Ophélie Bouchard est actuellement étudiante universitaire à temps plein en agronomie. Dans le cadre de sa formation, elle prévoit s’inscrire à des cours de spécialisation en production avicole, parce qu’elle rêve de pouvoir démarrer un élevage commercial de poules pondeuses un jour, sachant qu’elle ne pourra pas prendre la relève de l’entreprise de ses parents, spécialisée dans la production de pommes de terre au Saguenay. À cette fin, elle avait déjà commencé à monter son dossier de candidature pour le soumettre au programme d’aide au démarrage de 6 000 pondeuses (PAD 6000) de la FPOQ dans quelques années. Or, elle a été surprise d’apprendre que l’organisation planifiait, dès 2026, d’en fermer l’accès aux candidats qui, comme elle, proviennent d’une famille agricole prospère. « On nous demande d’être formés, d’avoir un plan d’affaires et d’être professionnels, mais moi, mes parents sont déjà agriculteurs. C’est un avantage, ça ne serait pas supposé être un inconvénient », déplore-t-elle en entrevue avec La Terre.
Elle rapporte que dans son programme, plusieurs de ses compatriotes partagent cette déception, citant l’exemple d’une amie qui ne peut pas soumettre son dossier au programme parce que son oncle est propriétaire d’une production avicole, alors que ce dernier ne lui donnera jamais de parts de son entreprise.
Selon elle, cette orientation prise par la FPOQ vise à écarter les candidats dont les parents « font assez d’argent avec l’agriculture pour aider leurs enfants à démarrer un projet agricole », dit-elle.
Mais eux [les parents], ils peuvent avoir d’autres enfants à faire vivre, ils ne sont peut-être pas intéressés à financer un autre projet. Et pourtant, je suis bloquée [au programme] à cause d’eux.

Encore sur la planche à dessin
Le président de la FPOQ, Sylvain Lapierre, croit que ces rumeurs qui circulent à propos de la refonte du programme PAD 6000 émanent d’une présentation très embryonnaire du projet qui a été faite aux producteurs dans le cadre des tournées régionales à la fin février. « Mais la refonte est encore sur la planche à dessin; on n’a rien décidé encore », spécifie-t-il.

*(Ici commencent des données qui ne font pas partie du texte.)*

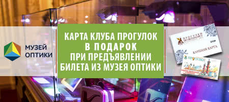 Обменяйте билет из Музея Оптики на клубную карту «Прогулок»! Предъявите билет с датой не ранее мая 2018 года в офисе нашей компании и получите карту
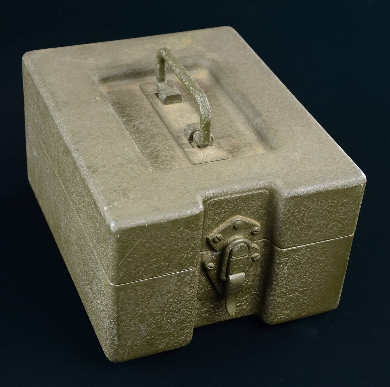 10" x 8" x 5" steel case has plaque marked " NORD AVIATION". Inside case is has lid marked "BATTERY CHECK BOX / MISSILE" w/ instructions in English. CONDITION: very good finish on exterior. Unable to test functionality. (02-19708/MD). $30-75.

Il admet néanmoins que la Fédération souhaite restreindre l’accès à ce programme pour le recentrer sur son objectif premier. « À la base, c’était pour partir de nouvelles familles en agriculture. Mais ça fait plusieurs années qu’on observe les candidatures et qu’on se dit que ce n’est peut-être pas logique que quelqu’un qui a déjà du quota dans le poulet ou les vaches, ou plusieurs hectares de terre, se serve de ce programme pour accéder au quota et diversifier son entreprise. Ça fait deux-trois ans qu’on se pose la question », révèle le président de la FPOQ.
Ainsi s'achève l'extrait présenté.